Taking a high frequency pulse of rivers: the new wave of water-quality and pollution checks to support integrated real-time river basin management.

Urban water pollution and quality concerns within densely populated river catchments are amongst the most pressing environmental and public health challenges faced by societies on the planet, impacting ecosystem functioning and water and food security. Recent advances in field-based environmental analytical monitoring capacity have yielded first insights into the highly dynamic behaviour of water pollution problems in urban and peri-urban places.

These include the identification of hotspots, as areas of increased pollution levels and hot moments, as periods of intensive pollution, that over-proportionally affect catchment water quality. However, the relative importance of these pollution hotspots and hot moments as well as the conditions that cause this behaviour have yet to be determined.

We are currently experiencing a technological revolution in environmental monitoring, changing paradigms in water quality and pollution sensing to new frontiers that open unprecedented opportunities for taking the pulse of water quality extremes in complex landscapes. Instead of taking water samples in the field and transporting them back into the laboratory for subsequent analysis, the recent sensor revolution enables the monitoring of water quality in-situ, that is, in real-time and directly where it occurs.

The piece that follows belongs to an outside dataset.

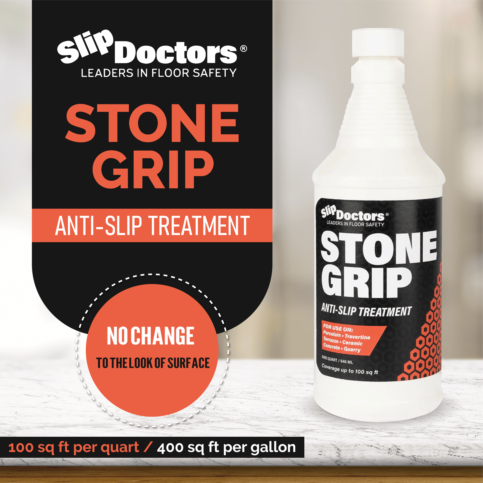 Our best seller! Stone Grip Non-Slip Tile Treatment for Porcelain Tiles, Ceramic Tiles & Stone Floors. Stone Grip anti-slip tile and stone floor treatment will dramatically increase traction and improve safety on slippery floors even when wet. The slip resistance will surpass guidelines recommended by ADA/ANSI for floor safety, work best in wet barefoot or shoe conditions.

These technological advances enable to more adequately capture the event characteristics of dynamic flow and pollution events, including water quality extremes. Recent interdisciplinary research has also triggered the development of useful metrics for the identification of pollution source zone activation in river basins.

This project will work at the forefront of these developments to directly improve the way we detect, monitor, and prevent pollution of urban rivers. This PhD project will pioneer the combined and integrated development of novel types of water quality sensor networks and numerical models of in order improve the mechanistic understanding of the evolution of source area activation along urban-rural gradients.

It will therefore push current paradigms in in-situ water quality monitoring technologies (such as absorbance and fluorescence probes, as well as river basin scale water quality monitoring in order to identify event-based dynamics of pollution sources (Figure 1 right). The findings of this study will directly support the development of more evidence-based prediction and management of river basin management.